Me acaban de llamar por teléfono y me informan que mi hijo eligió, en la juguetería, unos luchadores (que no son figuras humanas sino una especie de muñecos que, según pude entender, él calificó de luchadores).
Si se tiene en cuenta que sus preferidos son los animales, o los juegos con animales, esto podría ser algo novedoso. Aunque no es novedoso que él pida a sus padres jugar a la lucha, o representarla con muñecos (a pesar de no haber visto nunca programas de lucha libre, por ejemplo).
Me gusta pensar que, aún pudiendo haber otras razones, el atractivo por las luchas le puede venir a él de un juego que hacíamos cuando era más chico, juego en el que saltábamos y dábamos vueltas en la cama.
Las primeras “luchas” (que así las llamábamos) se organizaban en ese peculiar ring, la cama de sus padres, y los combatientes eran: Hijo (el que no se quería poner alguna prenda de vestir) vs. Padre (el que quería ponérle la ropa a su hijo).

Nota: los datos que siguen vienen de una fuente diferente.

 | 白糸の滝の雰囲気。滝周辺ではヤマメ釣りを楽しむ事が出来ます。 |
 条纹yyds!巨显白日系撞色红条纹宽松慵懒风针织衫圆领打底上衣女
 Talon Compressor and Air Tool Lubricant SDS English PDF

El cuadrilátero era la instancia final, el campo de juego a donde se llegaba después de las técnicas de convencimiento y los insistentes “¡Vamos!”.
Él encaraba estos combates riendo, olvidándose de la discusión anterior, y cuando se encontraba vencido (y con el calzoncillo puesto, por ejemplo) la queja existía, pero ya era menor, y enseguida asumía su condición.

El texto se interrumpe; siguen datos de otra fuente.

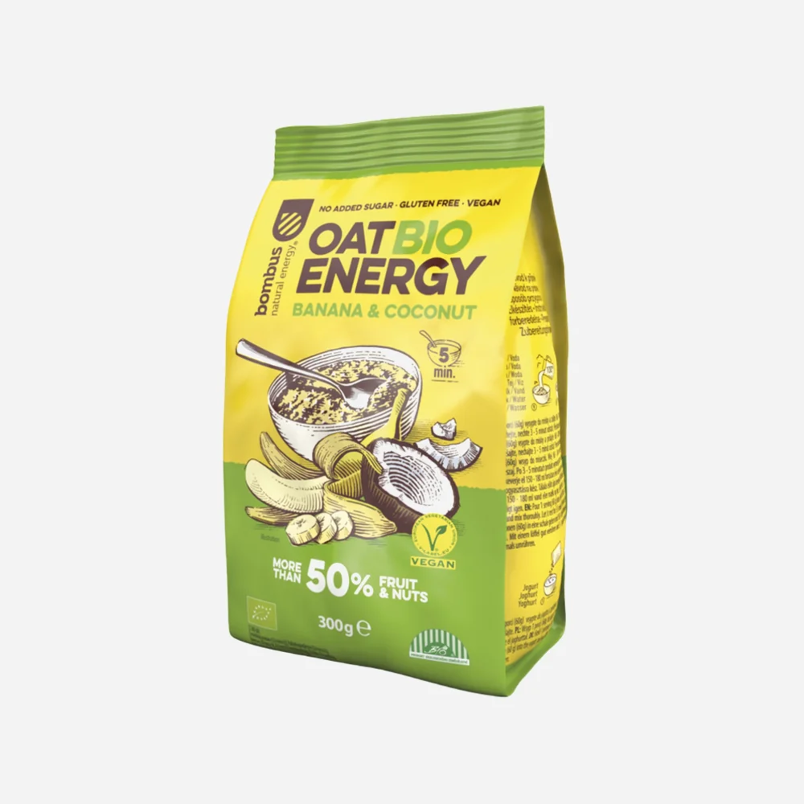 Bezlepková bio ovsená kaša z radu Oat Bio Energy od českej značky Bombus. Táto kaša obsahuje viac ako 50% ovocia a orechov a kombinuje osvedčené príchute banán a kokos.

Lejos de hablar de violencia, yo veo a este juego de la lucha (al menos a este, que hay otros por TV que dejan bastante que desear) como un buen “entrenamiento”, sí señor. La de la lucha es una figura que tiene un significado importante. Los mismos animales, que él tanto sigue por TV, viven luchando. Y el hombre, Uds. lo sabrán, también.
Nota al pie: aunque sea interesante reflexionar, en otra entrada, cuánto en el hombre es lucha y cuánto dejarse ganar, dejarse atrapar.